Is Linux behavior to always invalidate/free the pages in DONTNEED range, or is it only optional ?

Can you return success there without doing anything at all ?

sys/compat/linux/linux_mmap.c
269 ↗(On Diff #73118)

From theraven's testcase (see https://bugs.freebsd.org/bugzilla/show_bug.cgi?id=230160), it seems the zeroing should be immediate.

However, after some more testing, I've found that simply returning EINVAL breaks a whole lot of stuff. I think I'll add a sysctl to make it possible to enable the technically correct behaviour, but defaulting to a sane one instead, ie aliasing it for MADV_DONTNEED, or perhaps MADV_FREE.

sys/compat/linux/linux_mmap.c
269 ↗(On Diff #73118)

The thing that is not clear to me, assume that the range is backed by a shared file mapping that contains some dirty (not yet written back to the file) pages. What should happen after LINUX_MADV_DONTNEED ?
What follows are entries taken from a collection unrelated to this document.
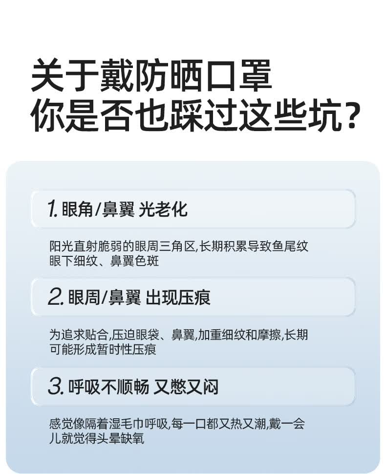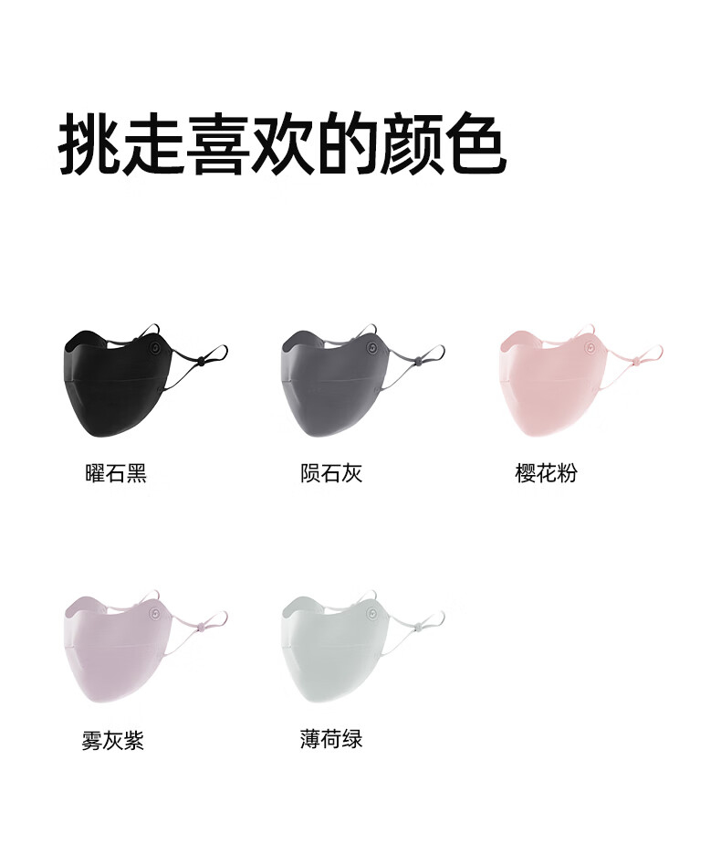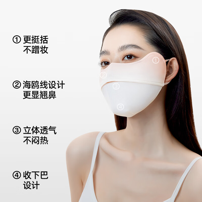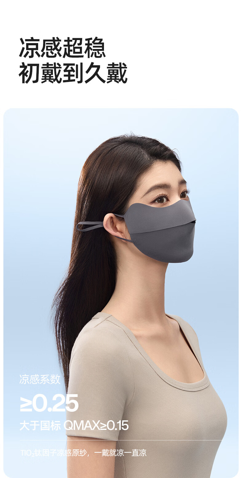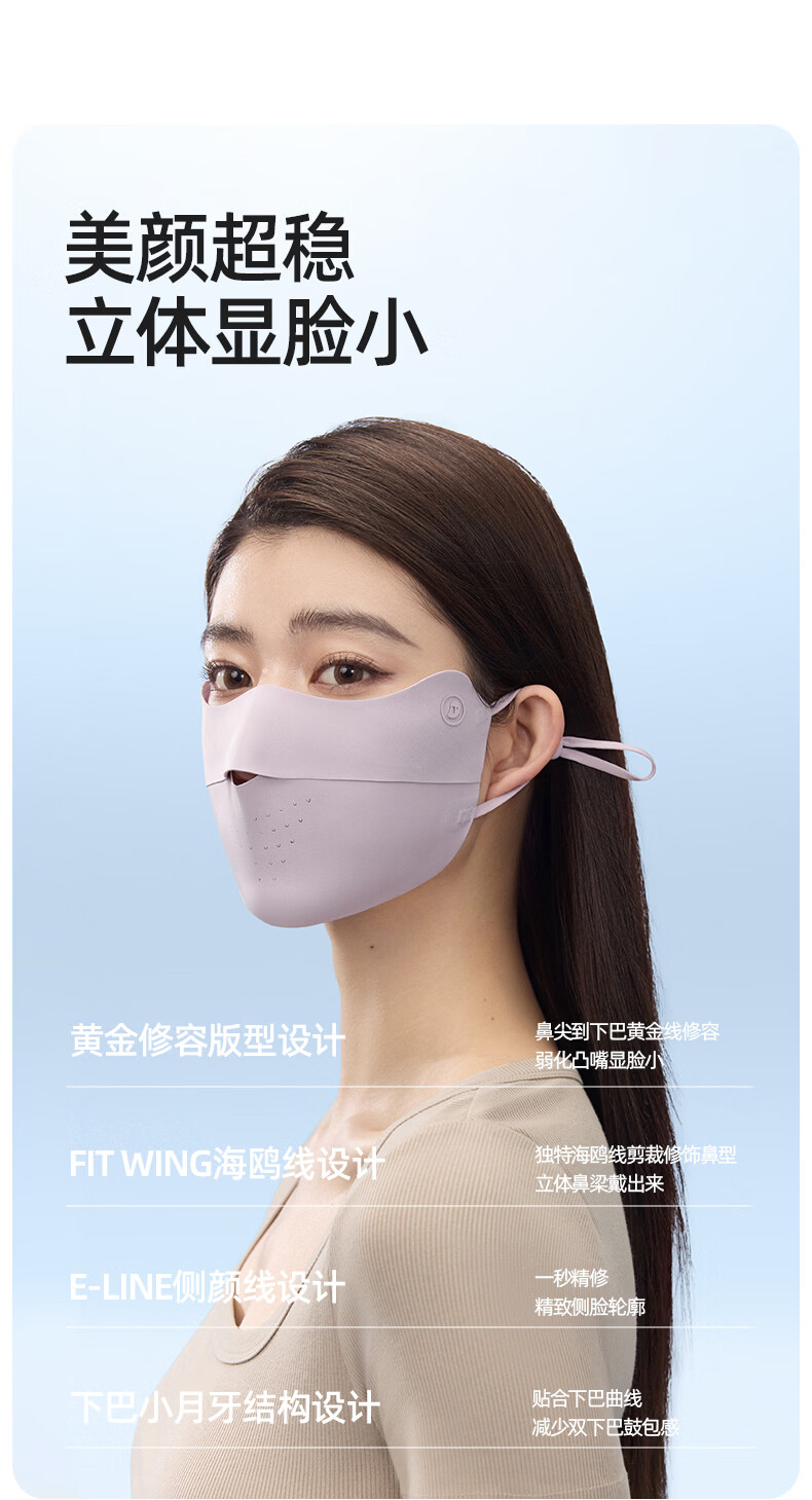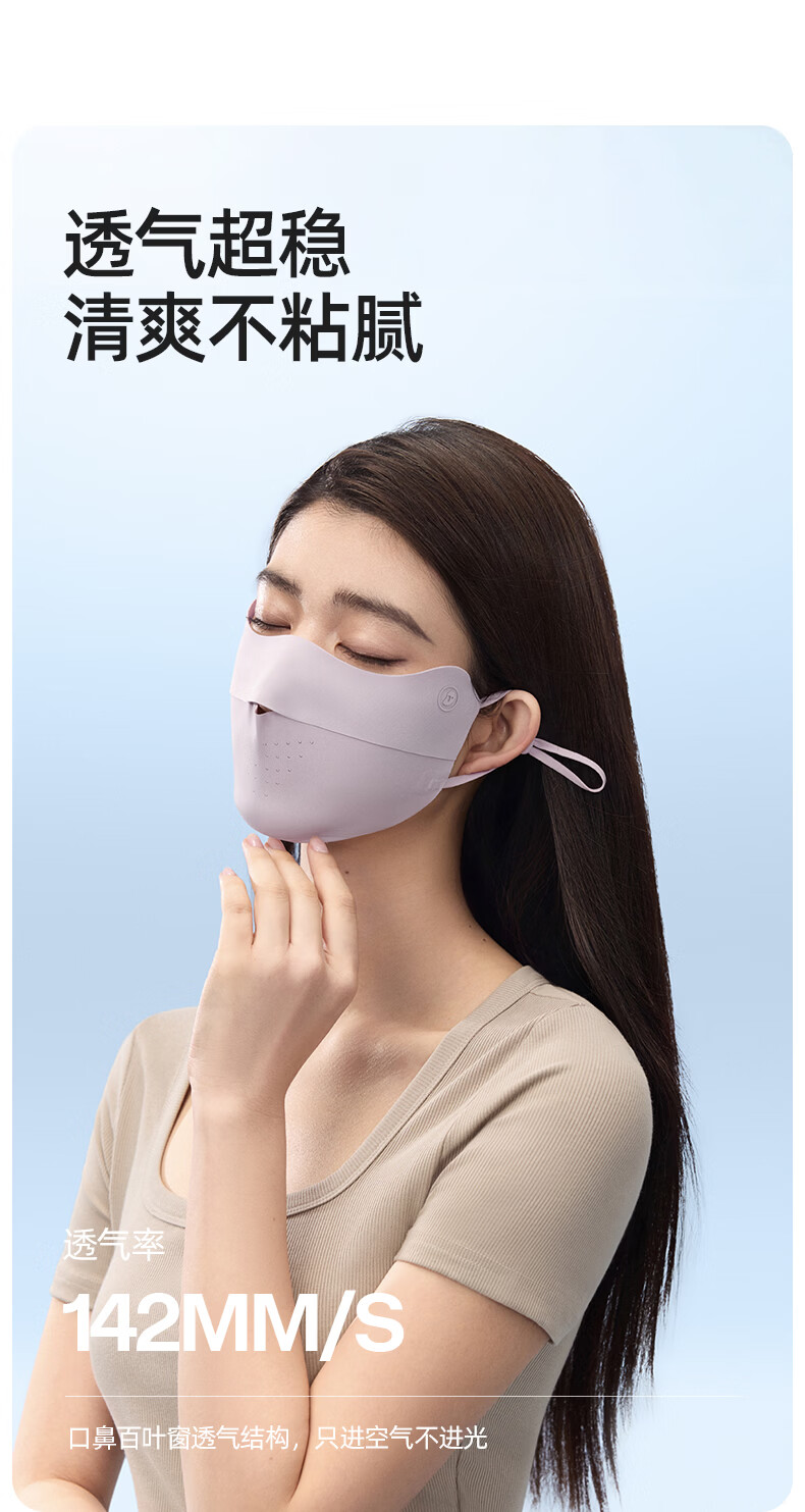 Airloop凉感系列,超轻薄防晒面罩;遮蔽丝技术,全波段防晒,减少日晒光肌肤老化;加高眼角防护,防晒抗老化更全面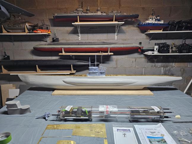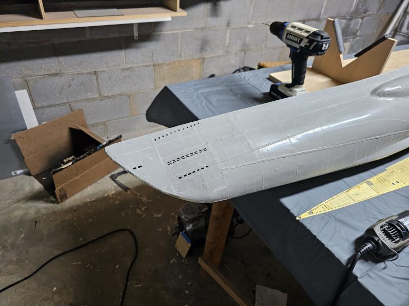 A bit of a diversion from this project has been one of Bob's 5' sharks. I had it ready for trimming at Subfest but Helene changed our plans. Oh well. If all goes well it will swim at Subfest Redux.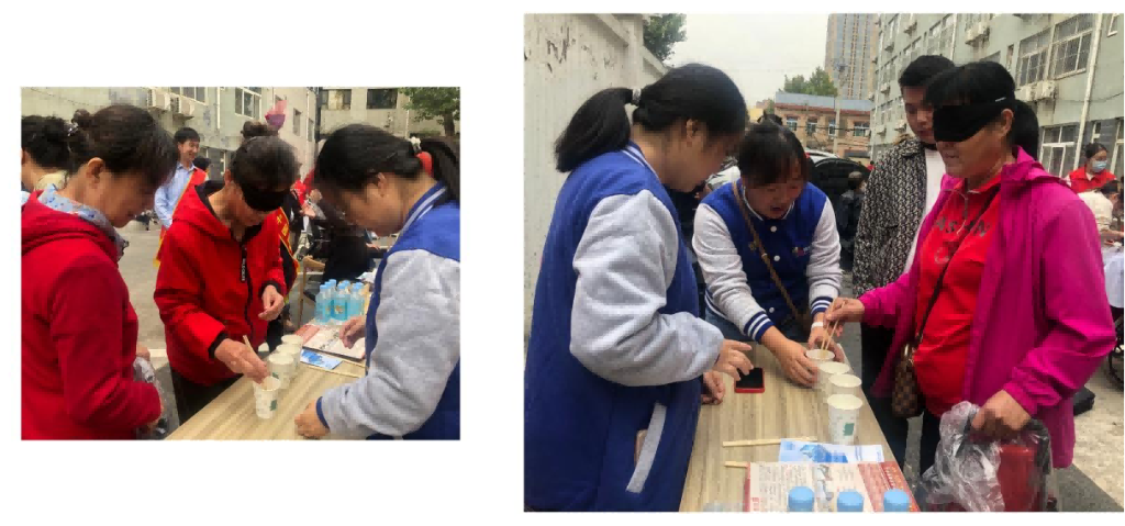 听完防诈骗的知识后,又来到我们的游戏摊位,社工向老人说明了游戏规则:戴上眼罩,在社工提示下夹花生米放到纸杯里。老人理解了规则,兴致勃勃的开始了,有的老人在指挥下夹了一个就放弃了,理由是太难了夹不住;还有的老人有了经验后甚至不需要社工提示就可以自己夹……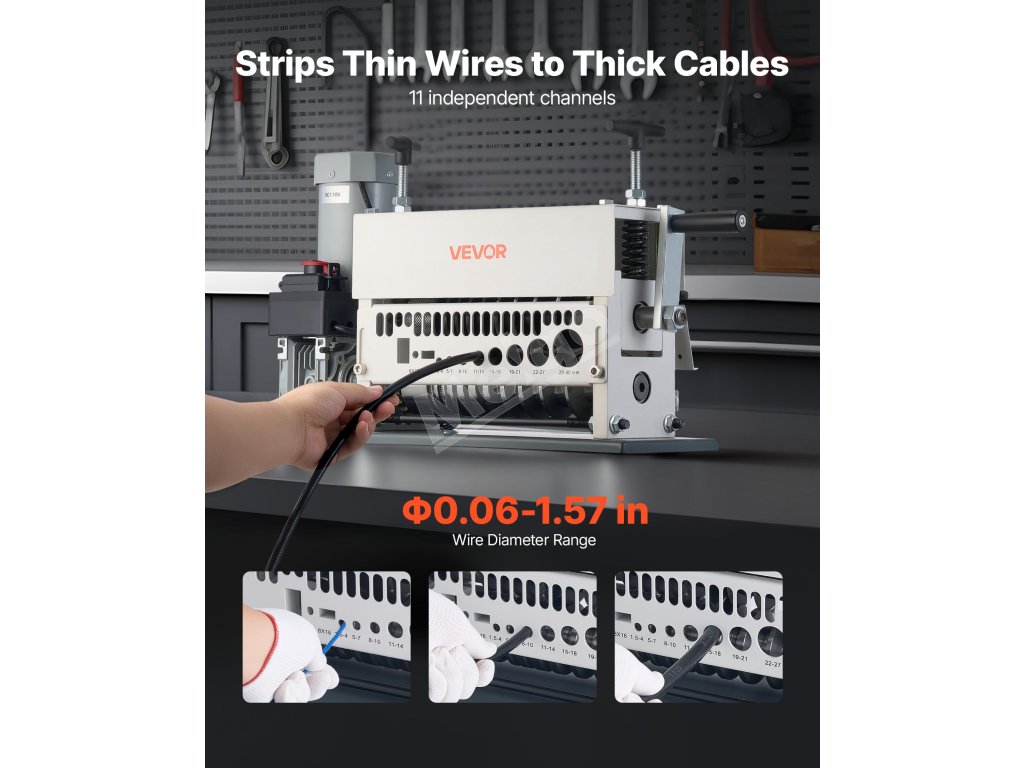 Tento stroj na odizolovanie drôtov je vhodný pre káble s priemerom 1,5-40 mm (Φ0,06-1,57 palca) a je vybavený 11 posuvnými kanálmi na rýchle prispôsobenie drôtov a presné odizolovanie. Podporuje elektrickú aj manuálnu prevádzku, ľahko sa používa a je vhodný pre začiatočníkov. Odolná čepeľ zaručuje dlhodobý výkon.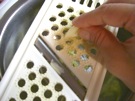 生姜の 皮をむいて、同じ ボウルに すりおろします。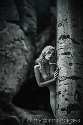 Fine art black and white portrait of a naked young blond woman peeking from behind a birch tree in the rocky forest MaximImages.com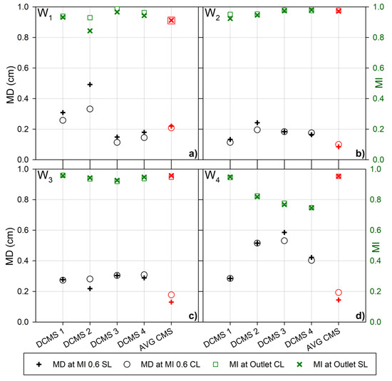 A similar trend was also observed for W2 DCMS 1, where a rapid initial increase in MI resulting in an MI of 0.9 after roughly 0.3 cm, produced the lowest MI at the outlet, for the same wafer designs (Figure 3b). This indicates the presence of different length dependencies of the processes, inducing the homogenization throughout the channel or different optimal sensor locations. For example, comparing the MI for CL and SL illustrates this, where W1 DCMS 2 (Figure 4a) clearly indicate a difference in the MI and MD0.6 analyzed based on CL or SL. Nevertheless, the trend in performance still holds true, as the CL shows a shorter MD0.6 and a larger MI compared to the SL.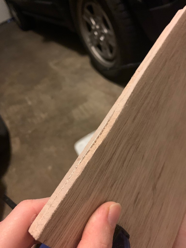 Things got much easier when I found a bigger utility knife (exacto knife, but I think that’s a brand name) and just clamped a ruler to the wood and cut ACTUAL STRAIGHT LINES!!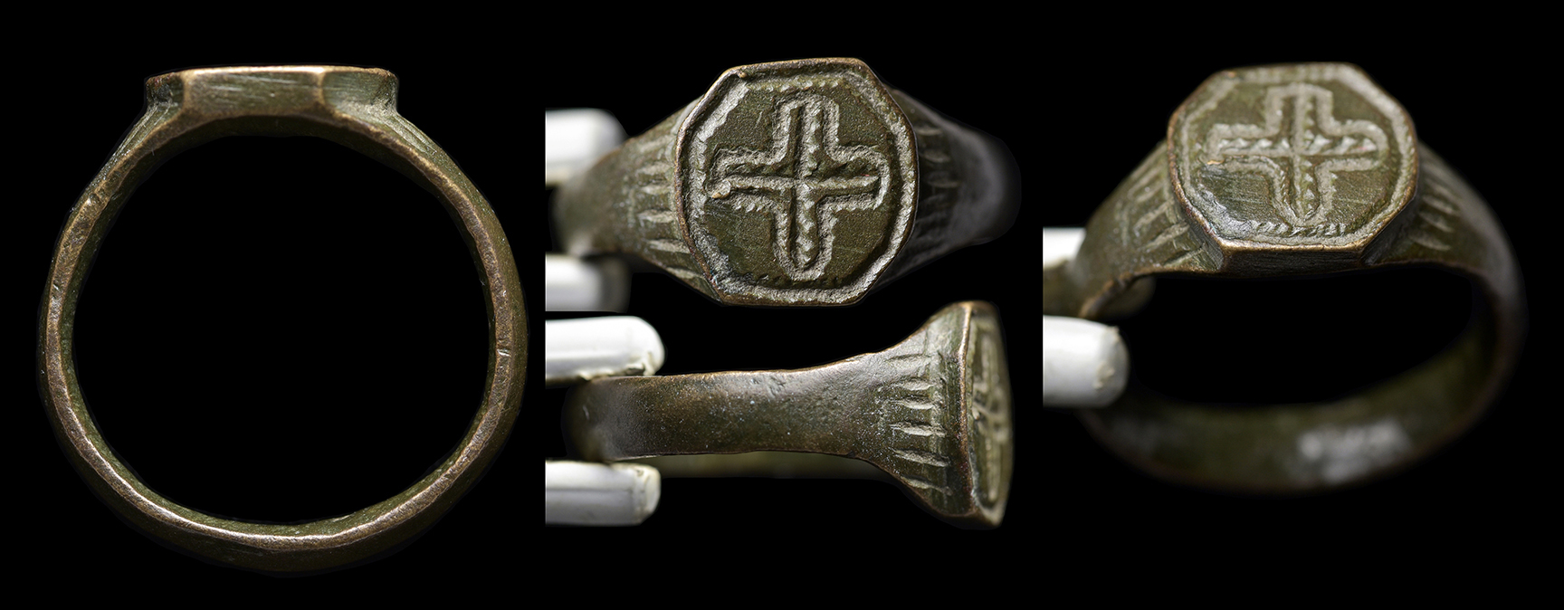 Medieval Europe, c. 8th-14th century AD. Nice bronze cross ring. Central outlined cross within octagonal bezel, engraved design at shoulders. About US size 7 1/2. ref: T.N. Polio, "Ancient Rings" p. 43 for type. Ex Los Angeles, CA collection. #JR2358: $199 SOLD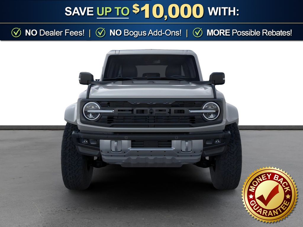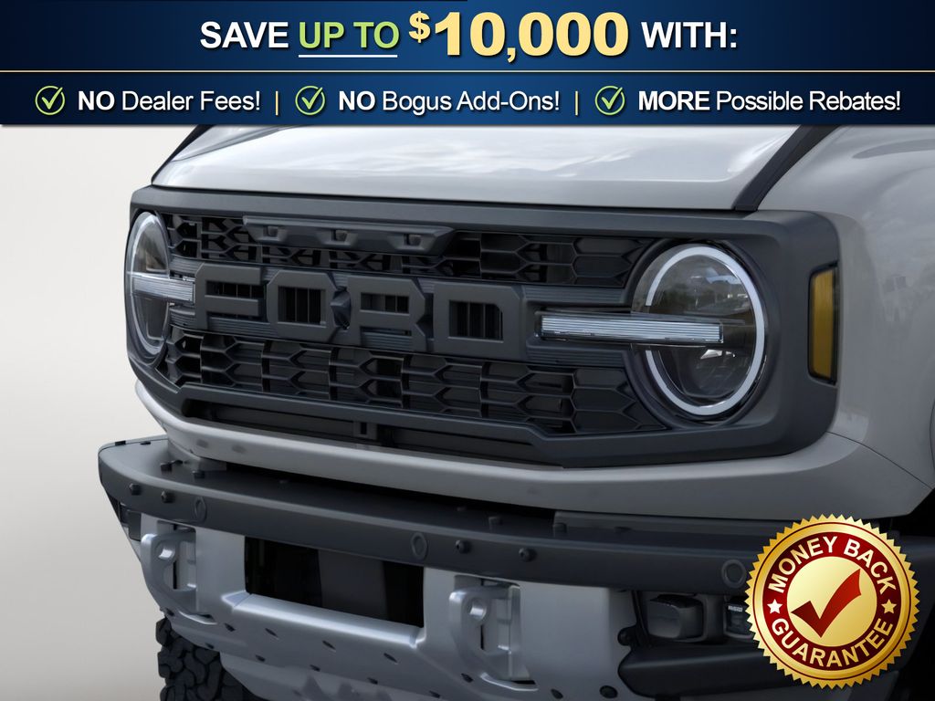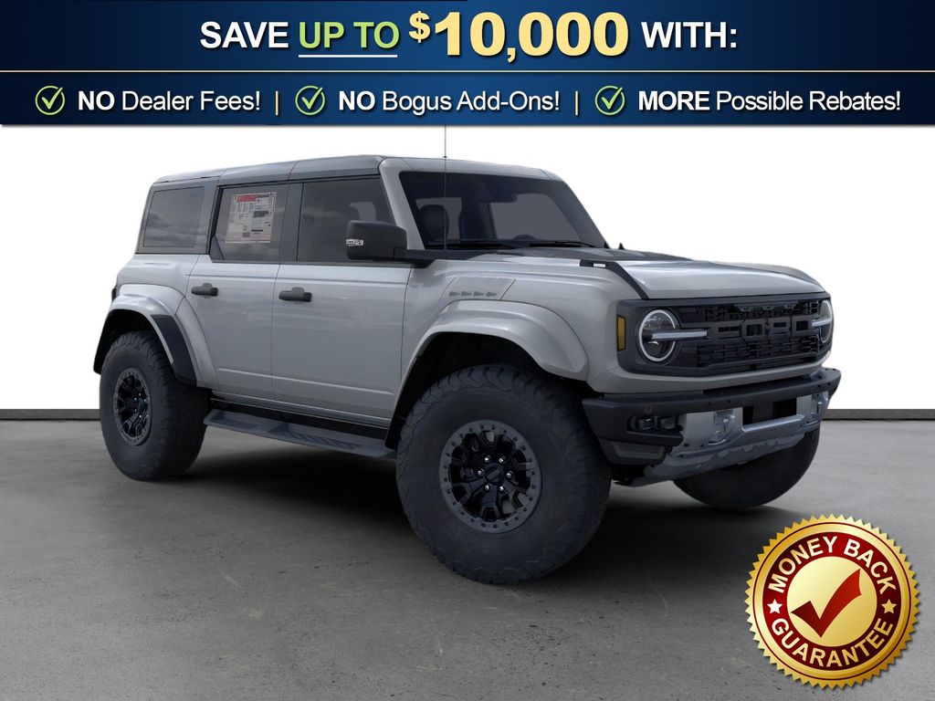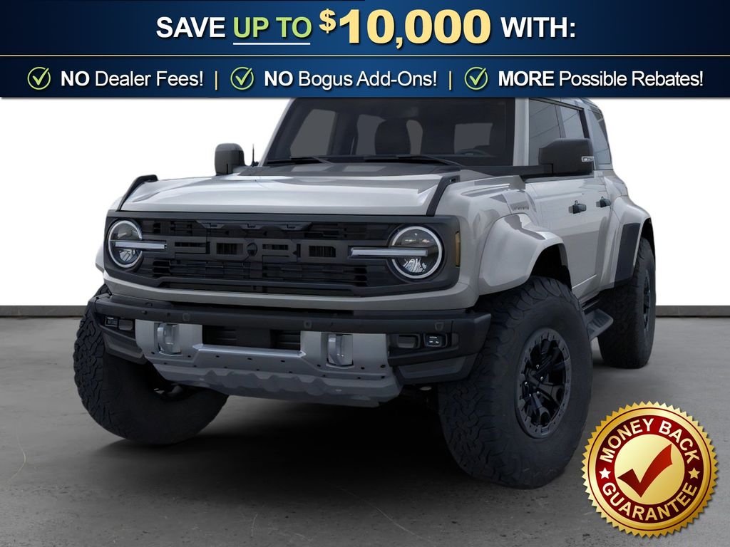 Avalanche Gray 2026 Ford Bronco Raptor NFT 4WD 10-Speed Automatic 3.0L EcoBoost V6 12 Speakers, 4-Wheel Disc Brakes, ABS brakes, Air Conditioning, Alloy wheels, AM/FM radio: SiriusXM with 360L, Auto High-beam Headlights, Auto-dimming Rear-View mirror, Automatic temperature control, Brake assist, Compass, Connected Navigation, Convertible HardTop, Convertible roof lining, Delay-off headlights, Driver door bin, Driver vanity mirror, Dual front impact airbags, Dual front side impact airbags, Electronic Stability Control, Emergency communication system: 911 Assist, Exterior Parking Camera Rear, Ford Connectivity Package (1-Year Included), Front anti-roll bar, Front Bucket Seats, Front Center Armrest, Front dual zone A/C, Front fog lights, Front License Plate Bracket, Front reading lights, Front wheel independent suspension, Fully automatic headlights, Glass rear window, Hard Top Sound Deadening Headliner, Heated door mirrors, Heated front seats, Heated steering wheel, Illuminated entry, Integrated roll-over protection, Interior Carbon Fiber Pack, Leather Shift Knob, Leather-Trimmed/Vinyl Bucket Seats, Low tire pressure warning, Marine Grade Vinyl Bucket Seats, Navigation system: Connected Navigation, Occupant sensing airbag, Outside temperature display, Overhead airbag, Overhead console, Panic alarm, Passenger door bin, Passenger vanity mirror, Power door mirrors, Power steering, Power windows, Radio data system, Rear anti-roll bar, Rear seat center armrest, Rear window defroster, Rear window wiper, Rear-Window Defroster and Washer, Remote keyless entry, Security system, Shadow Black Painted Hard Top, SiriusXM with 360L, Speed control, Split folding rear seat, Steering wheel mounted audio controls, SYNC 4, Tachometer, Telescoping steering wheel, Tilt steering wheel, Traction control, Trip computer, Turn signal indicator mirrors, Variably intermittent wipers, Voltmeter, Wheels: 17" Black High Gloss-Painted Aluminum, Wheels: 17" Dark Carbonized Gray Alloy Painted.

sys/compat/linux/linux_mmap.c
269 ↗(On Diff #73118)

Indeed, Linux has non-traditional semantics for DONTNEED. Anonymous pages must be zeroed, low-level system software like jemalloc depends on it (at least with older kernels that don't implement MADV_FREE). MADV_FREE does not provide this semantic.

It is not clear from the documentation what MADV_DONTNEED does for dirty file-backed pages (or named swap-backed pages). From reading the code and some hints on a few ML posts, I believe it always unmaps the pages but preserves dirty state, i.e., the page is marked dirty if PG_M was set. In other words, modifications to shared data are not discarded, and "repopulating the memory contents from the up-to-date contents of the underlying mapped file" may consist of simply mapping resident file pages.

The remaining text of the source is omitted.